Waveforms W21 and W22 illustrated in FIG. 11 each indicate the return loss of the loop antenna 61 illustrated in FIG. 10. The waveform W21 indicates the return loss of the loop antenna 61 in a case where an inductance value of the inductor 61 b is set to 24 nH. The waveform W22 indicates the return loss of the loop antenna 61 in a case where the inductance value of the inductor 61b is set to 50 nH.
As indicated by the waveforms W21 and W22, in the loop antenna 61, it is possible to satisfy the return loss not higher than -6 dB in a bandwidth from 0.7 GHz to 0.85 GHz. For example, by switching the inductance value of the inductor 61b, the loop antenna 61 can satisfy the return loss not higher than -6 dB in a continuous bandwidth from 0.7 GHz to 0.85 GHz.
As described above, the antenna 10 illustrated in FIGS. 1 to 3 has characteristics of the plate antenna having the hollowed central portion when the connection portions 11b and 11a are coupled. Further, the antenna 10 has characteristics of the loop antenna when the connection portions 11b and the ground are coupled. This enables the antenna 10 to cover communication in a low bandwidth by the loop antenna, which cannot be covered by the plate antenna, and therefore cover broadband communication without increasing the size thereof.
Next, a description will be given of an example of the switch unit 12 of the antenna 10.
FIG. 12 illustrates an example of a switch unit of the antenna.
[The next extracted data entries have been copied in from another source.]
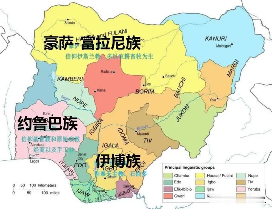 三大民族大致沿着尼日尔河与贝努埃河将全国分割的三块地区而分布。
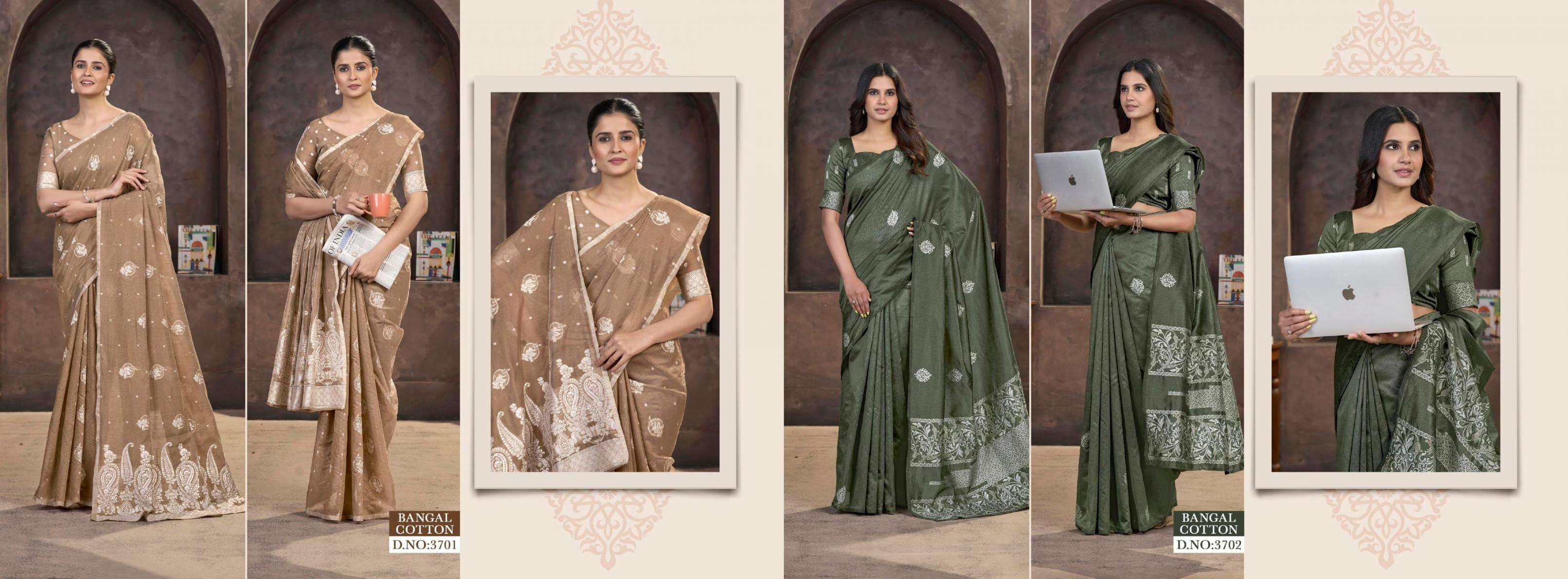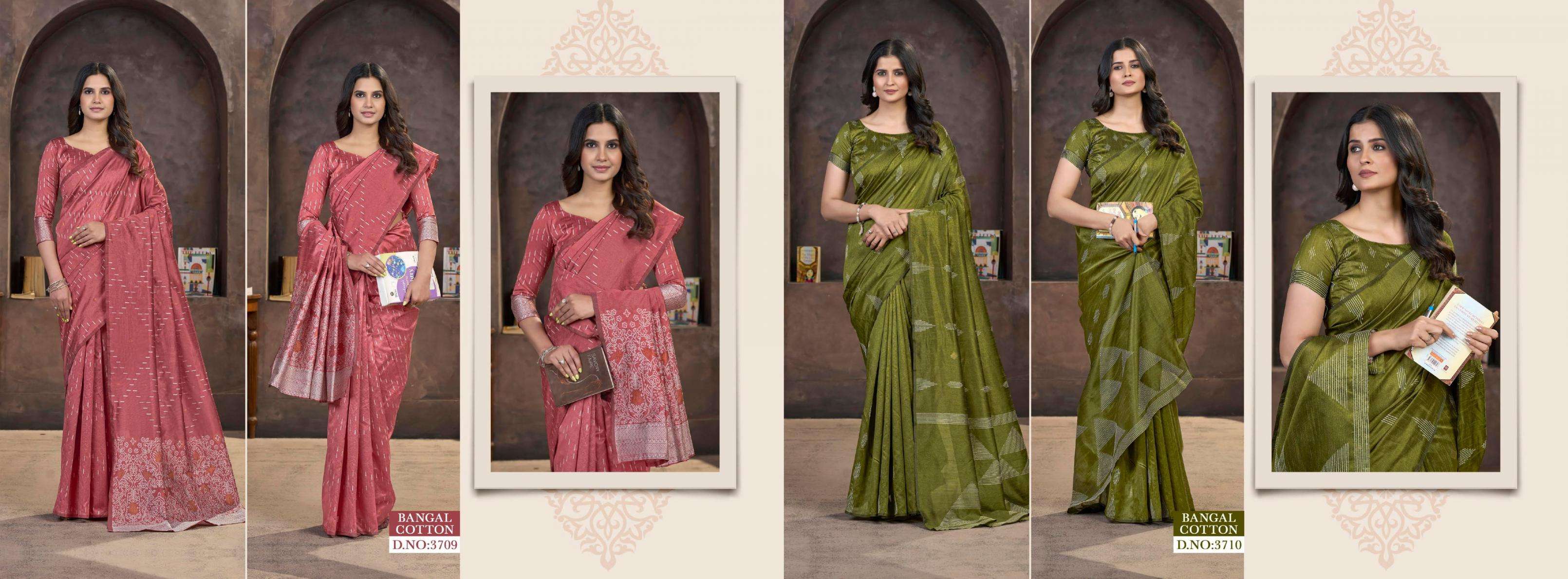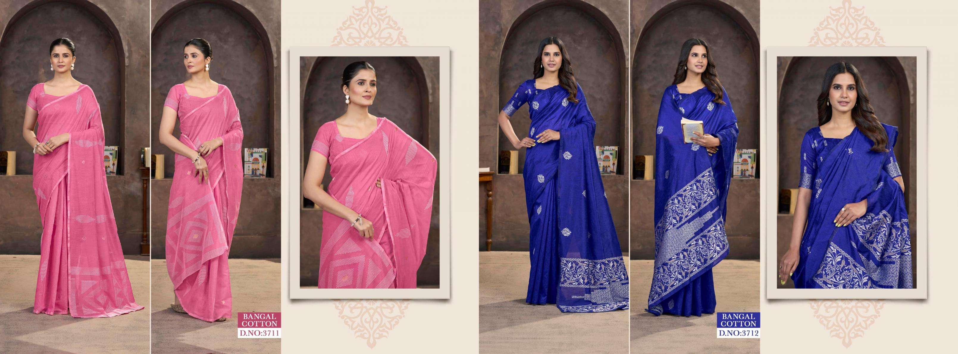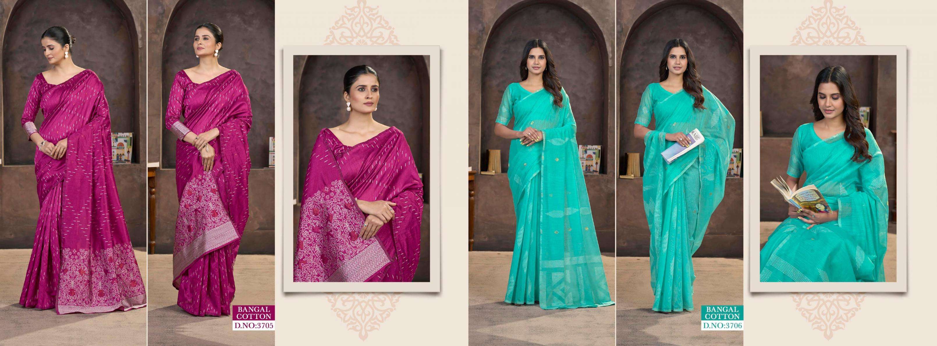 | Name: | Bansi Bengal Cotton Series 3701 To 3712 Jari Weaving Pallu & Weaving Border Sarees In Wholesale Surat |
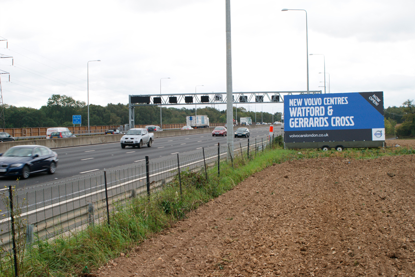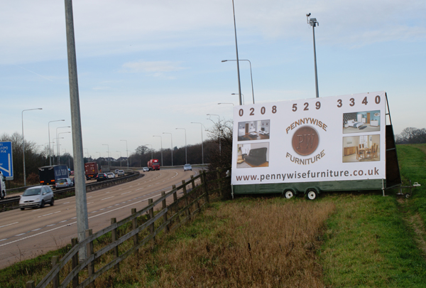 Each day, tens of thousands of motorists will pass, notice and read your advertisement. One single advert banner placed alongside one of the busy major M and A roads in South East of England can average 4.5 million drive pasts per month!
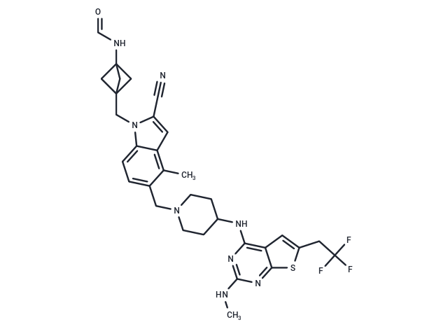 SMILESCNc1nc(NC2CCN(Cc3ccc4n(CC56CC(C5)(C6)NC=O)c(cc4c3C)C#N)CC2)c2cc(CC(F)(F)F)sc2n1
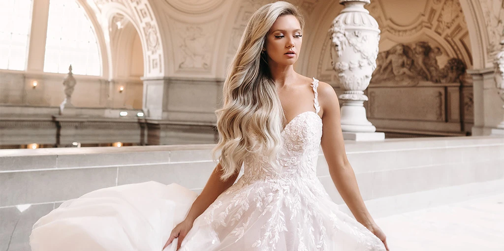 A princess wedding dress is typically characterized as a voluminous A-line or ballgown with many sparkly embellishments, sequins and beading – picture Cinderella! Princess wedding dresses are usually modeled after classic and royal elements, perfect for the bride invoking a fairytale wedding on her big day. What other time do you get the chance to wear a formal ballgown?

In FIG. 12, the same component elements as those in FIG. 1 are denoted by the same reference numerals, and description thereof is omitted.
As illustrated in FIG. 12, the switch unit 12 includes switches 12a to 12c. The substrate 30 has inductors 71a and 71b mounted thereon, and has a pattern 72 formed thereon. The switch 12a is provided between the connection portions 11a and 11b to switch on and off the connection between the connection portions 11a and 11b. The switch 12b is provided between the connection portion 11b and the inductor 71a to switch on and off the connection between the connection portion 11b and one end of the inductor 71 a. The switch 12c is provided between the connection portion 11b and the inductor 71 b to switch on and off the connection between the connection portion 11b and one end of the inductor 71b.
The other ends of the inductors 71a and 71 b are coupled to the pattern 72. The inductor 71a has an inductance of e.g. 24 nH, and the inductor 71b has an inductance of e.g. 50 nH.
The pattern 72 is coupled to the ground 40 formed on the other surface of the substrate 30 via the through hole. Therefore, the connection portion 11b is coupled to the ground 40 via one of the inductors 71a and 71b by switching on and off of the switches 12b and 12c.
The switches 12a to 12c are each switched on and off by a signal output from a CPU (central processing unit), not illustrated, mounted on the substrate 30. The CPU controls the on and off of the switches 12a to 12c e.g. according to a communication mode in which the cellular phone is to perform wireless communication. For example, the CPU controls the switches 12a to 12c according to a communication mode, such as wireless communication by phone call and wireless data communication via a LAN (local area network).
The switch unit 12 can be formed e.g. by an MEMS (micro electro mechanical system) switch of SP3T (single-pole three-throw). Further, the switch unit 12 can be also formed e.g. by a PIN diode (p-intrinsic-n diode).
FIG. 13 illustrates connection of the switch unit. A terminal 81 illustrated in FIG. 13 corresponds to the connection portion 11b illustrated in FIG. 12. A terminal 82a corresponds to the connection portion 11a illustrated in FIG. 12. A terminal 82b corresponds to the connection portion of the switch 12b coupled to the inductor 71a illustrated in FIG. 12. A terminal 82c corresponds to the connection portion of the switch 12c coupled to the inductor 71b illustrated in FIG 12.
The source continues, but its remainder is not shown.